--- EXERCISE MATERIALS Enclosed Below ---

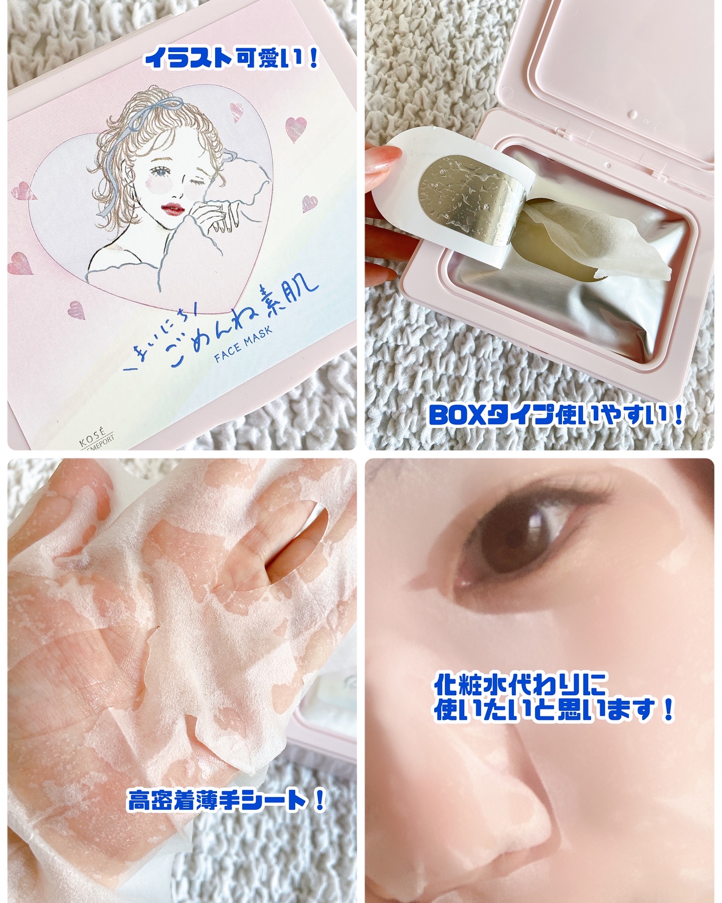 - 毎日の化粧水代わりに 敏感・あれがちな肌を速攻うるおいリペア*できる 『まいにちごめんね素肌マスク』 ①化粧水代わりのクイックケアで、負担をかけがちな肌を速攻うるおいリペア* たった3分のクイックケアで美容液がたっぷり浸透*1✨ 外的ストレスや*2不規則な生活の影響を受けやすい肌も健やかな肌へ♪ ②あれがちな肌にもやさしい使い心地。低刺激設計 弱酸性・無香料・無着色・無鉱物油・アルコールフリー・パラベンフリー・紫外線吸収剤フリー・シリコーンフリーの低刺激処方。やさしい使い心地です。 *お手入れのこと *1角層まで *2乾燥による刺激のこと
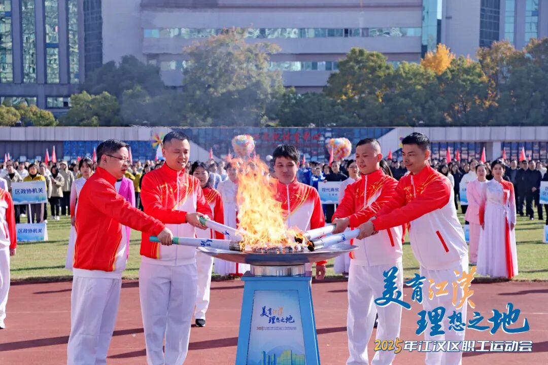 現(xiàn)場(chǎng),“新興之火”“數(shù)智之火”“金融之火”“樞紐之火”“人文之火”五棒火炬依次點(diǎn)亮,張?jiān)?、付俊、邵青、張寶劍、孟廣松等15位勞模代表接力傳遞。燃燒的火焰,照耀著江漢區(qū)在科技創(chuàng)新、數(shù)字化轉(zhuǎn)型、金融強(qiáng)區(qū)、商貿(mào)物流、文商體旅融合等發(fā)展領(lǐng)域堅(jiān)定向前。當(dāng)所有火炬手共同點(diǎn)燃主圣火盆,彩球騰空,全場(chǎng)沸騰,運(yùn)動(dòng)會(huì)正式開(kāi)幕。
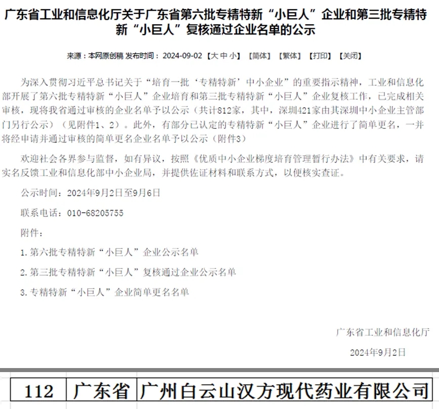 本次入选国家专精特新小巨人企业,凝聚了汉方公司多年的心血,说明汉方公司在高端制剂用天然原辅料领域一系列旨在“强链”“补链”的技术创新成果及创新产品获得了国家及行业的认可。入选国家专精特新小巨人企业,将为汉方公司下一阶段的高质量发展注入新动力,汉方公司以此为契机,对标世界一流水平,进一步提升企业创新能力和专业化水平,增强产业链配套能力,为加快推进新型工业化、发展新质生产力、完善现代化产业体系提供有力支撑。
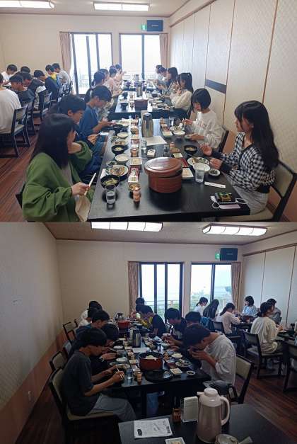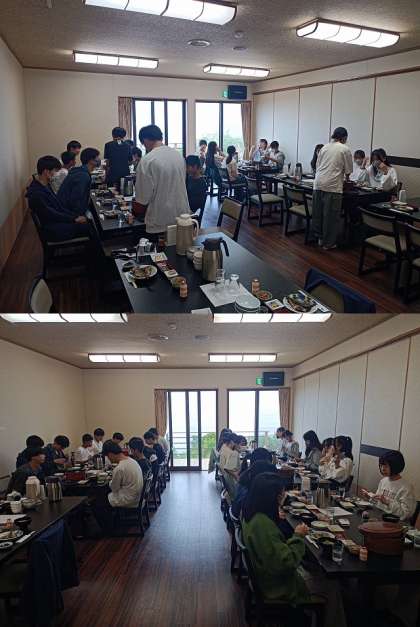千賀荘での4組の朝食風景です。みんな元気よく食べています!
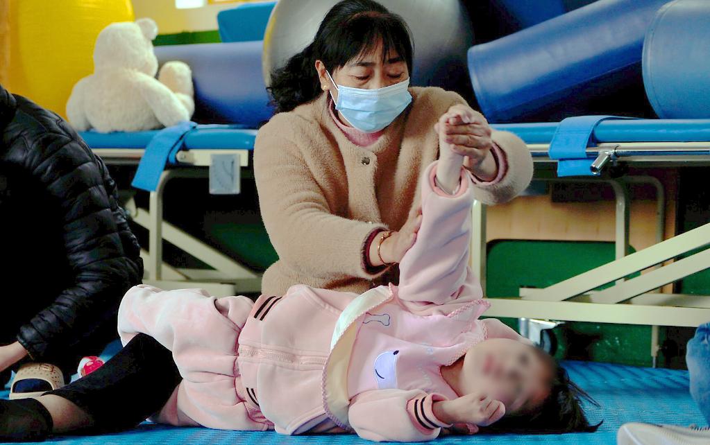 一位寄养妈妈在村里的康复中心为患脑瘫的女儿做康复锻炼。
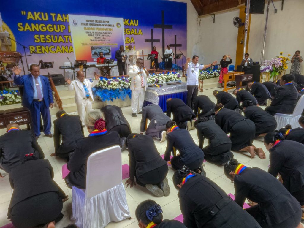 SERUI, HarianTerbaruPapua.com – Sukacita besar memenuhi Gedung Gereja GPdI Ekklesia Serui Kota, Rabu (22/10/2025), ketika dilangsungkan Ibadah Penamatan Sekolah Alkitab Waropen Kelas Eksekutif Serui Tingkat I dan II Tahun Ajaran 2025.
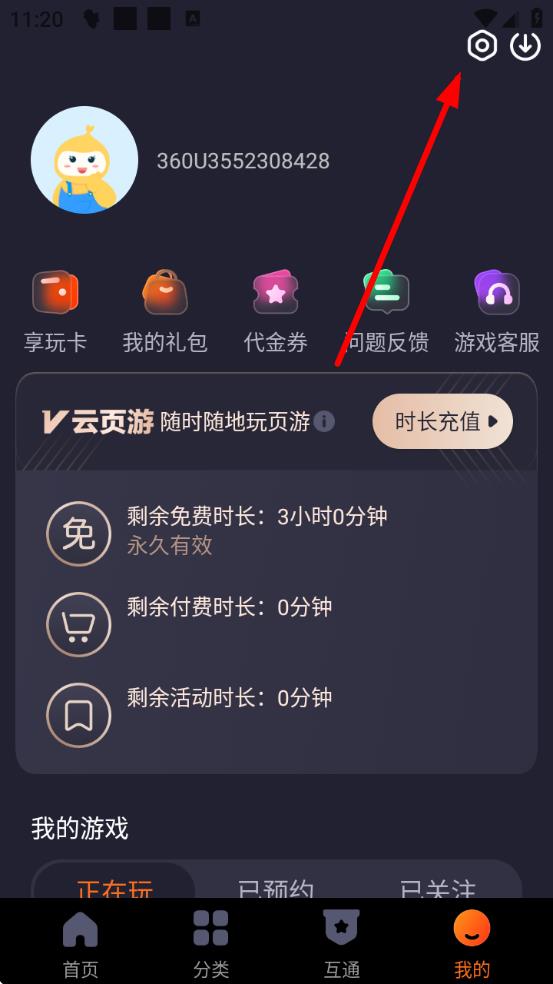 1、打開360游戲大廳APP,點(diǎn)擊底部導(dǎo)航欄中的我的,進(jìn)入個人中心界面,點(diǎn)擊右上角的設(shè)置圖標(biāo)。
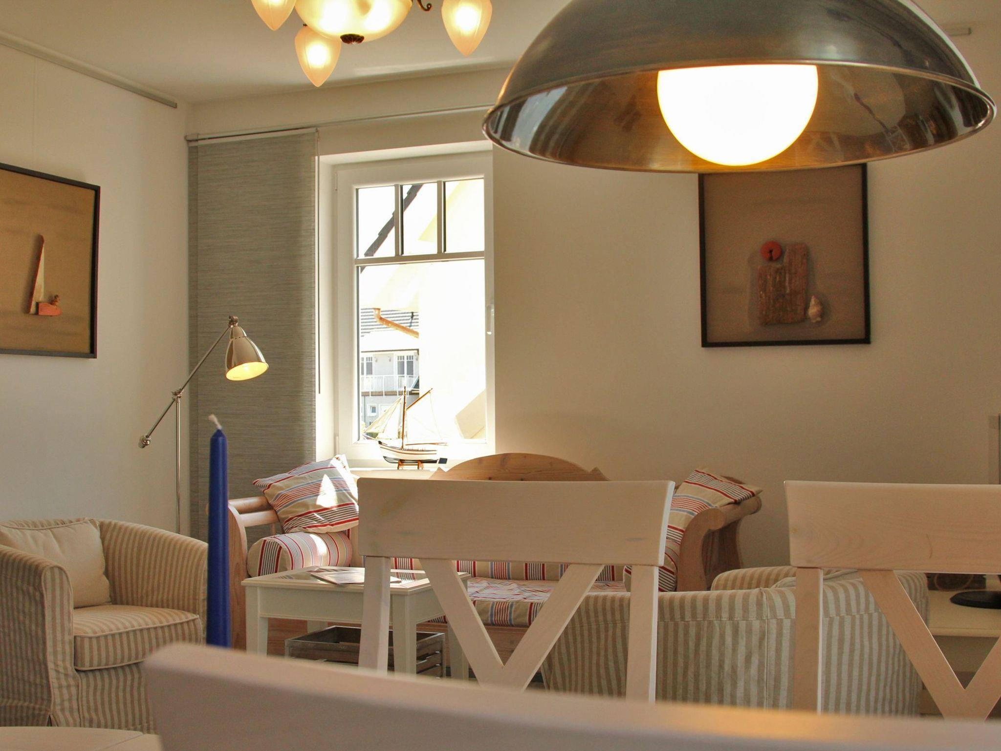 Die Bilder an den Wänden stammen von einem norddeutschen Künstler und unterstreichen den maritimen Charakter der Wohnung.
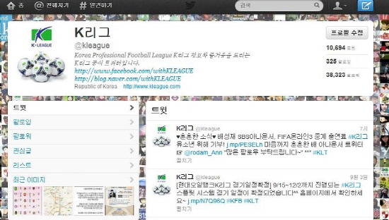 연맹은 트위터와 페이스북(facebook.com/withKLEAGUE)을 통해 홍보 프로젝트(K리그를 알려라)도 진행하고 있다. 안정환 K-리그 명예 홍보팀장이 부과하는 다양한 임무들을 팬들이 직접 수행해 SNS로 K-리그의 재미를 퍼트리는 것이다.
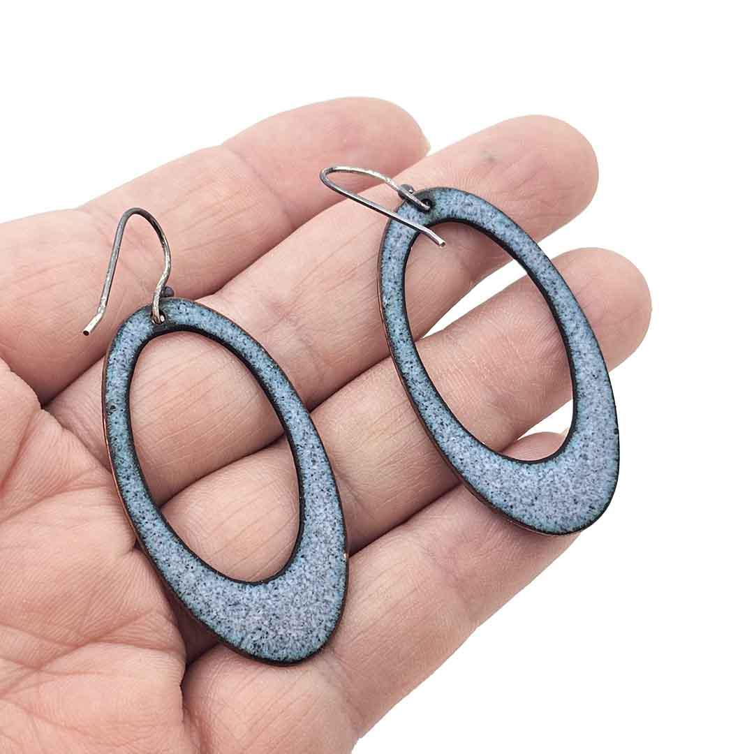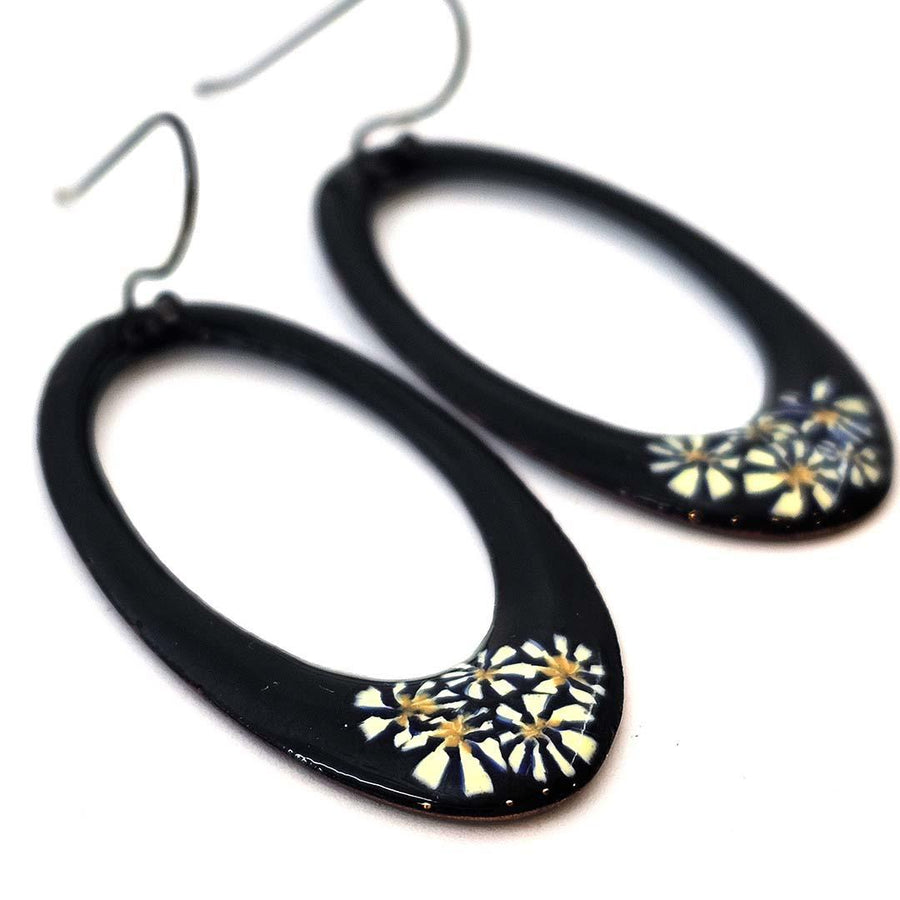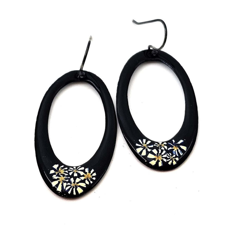 Earrings - Open Oval (Black Daisies) by Magpie Mouse Studios
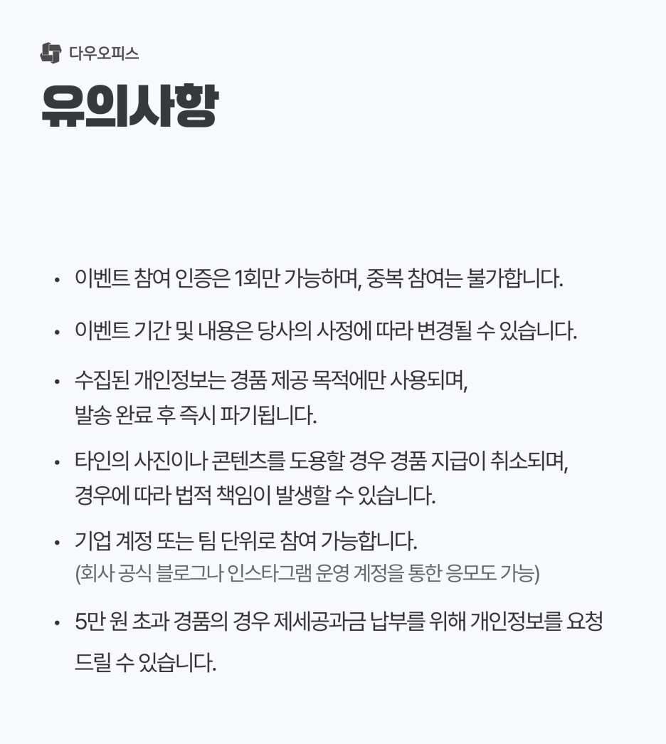 본 이벤트는 다우오피스 기존 고객, 무료체험 고객

--- End of Enclosed EXERCISE MATERIALS ---

■ PROMPT ■
What's needed is an exact copy of the records above from the line containing "Die Bilder an" down to the line containing "연맹은 트위터와 페이스북(facebook.com/withKLEAGUE)을", both included, without any pictures.

■ RESULT OF THE EXERCISE ■
 Die Bilder an den Wänden stammen von einem norddeutschen Künstler und unterstreichen den maritimen Charakter der Wohnung.
 연맹은 트위터와 페이스북(facebook.com/withKLEAGUE)을 통해 홍보 프로젝트(K리그를 알려라)도 진행하고 있다. 안정환 K-리그 명예 홍보팀장이 부과하는 다양한 임무들을 팬들이 직접 수행해 SNS로 K-리그의 재미를 퍼트리는 것이다.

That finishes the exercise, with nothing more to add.